Segment Start: Information
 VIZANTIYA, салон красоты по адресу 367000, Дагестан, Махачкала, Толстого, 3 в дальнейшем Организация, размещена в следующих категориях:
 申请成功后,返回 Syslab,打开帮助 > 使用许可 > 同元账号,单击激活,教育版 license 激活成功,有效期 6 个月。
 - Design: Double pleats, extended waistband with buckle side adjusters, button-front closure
Segment End: Information
Segment Start: Information
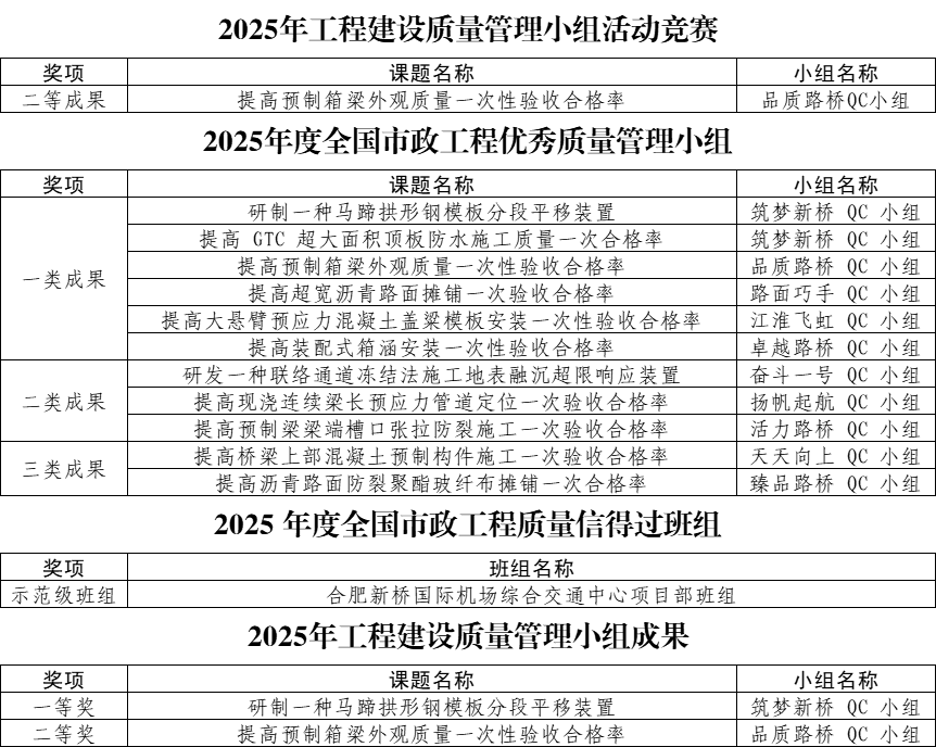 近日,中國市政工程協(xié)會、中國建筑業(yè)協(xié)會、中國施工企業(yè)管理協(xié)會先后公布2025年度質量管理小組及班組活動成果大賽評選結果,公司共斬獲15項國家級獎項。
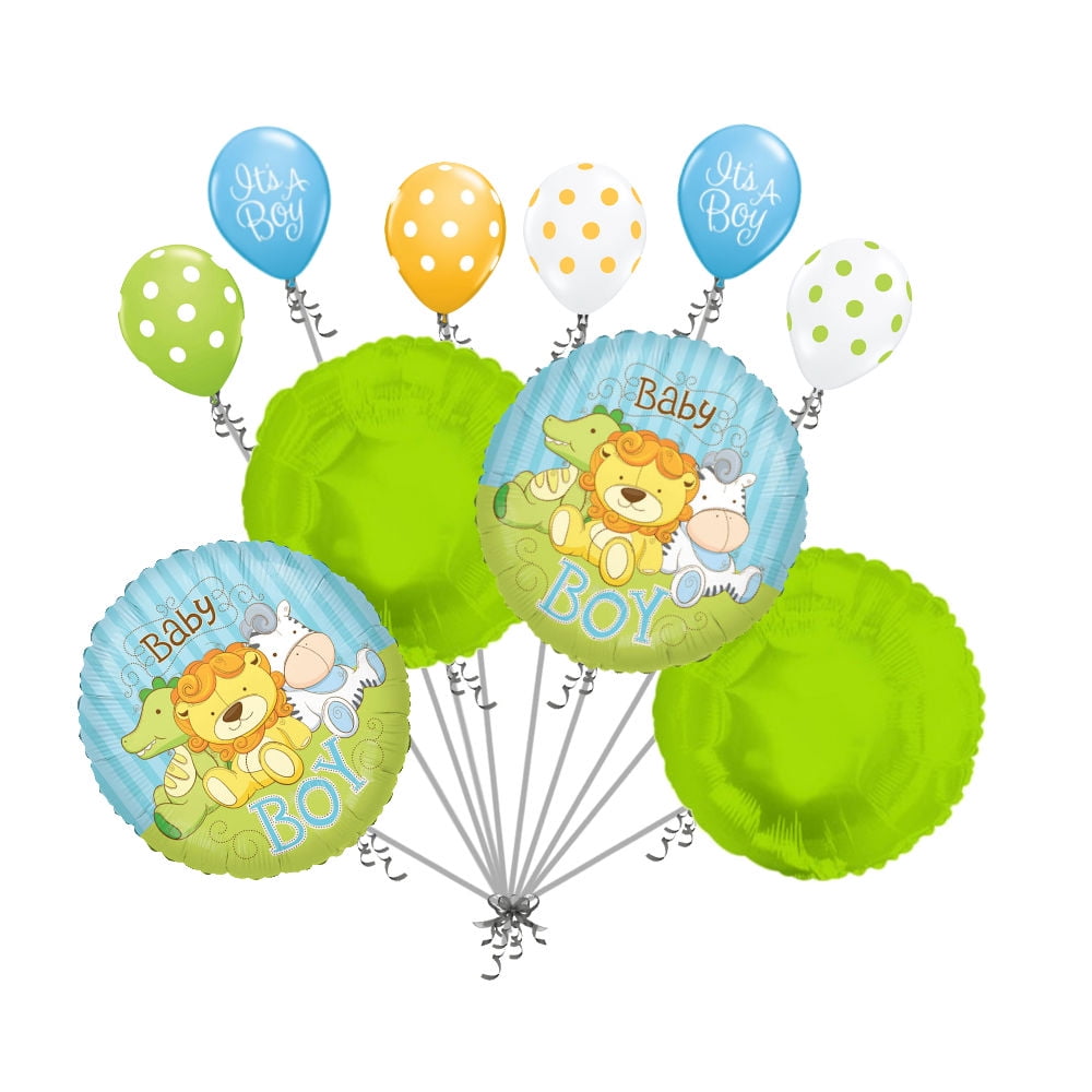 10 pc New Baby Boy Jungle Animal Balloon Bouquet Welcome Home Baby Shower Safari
Segment End: Information
Segment Start: Information
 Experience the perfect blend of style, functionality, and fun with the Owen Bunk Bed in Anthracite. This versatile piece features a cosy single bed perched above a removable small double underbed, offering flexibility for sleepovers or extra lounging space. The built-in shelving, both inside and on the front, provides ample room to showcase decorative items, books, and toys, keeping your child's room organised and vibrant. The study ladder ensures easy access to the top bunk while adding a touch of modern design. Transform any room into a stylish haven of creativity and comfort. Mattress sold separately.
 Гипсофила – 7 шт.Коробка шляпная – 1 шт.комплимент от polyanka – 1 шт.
Segment End: Information
= Activity =
The lines above, starting at the one with "VIZANTIYA, салон красоты" and ending at the one with "- Design: Double", are the only ones to return, exactly as written.

= Exercise answer =
 VIZANTIYA, салон красоты по адресу 367000, Дагестан, Махачкала, Толстого, 3 в дальнейшем Организация, размещена в следующих категориях:
 申请成功后,返回 Syslab,打开帮助 > 使用许可 > 同元账号,单击激活,教育版 license 激活成功,有效期 6 个月。
 - Design: Double pleats, extended waistband with buckle side adjusters, button-front closure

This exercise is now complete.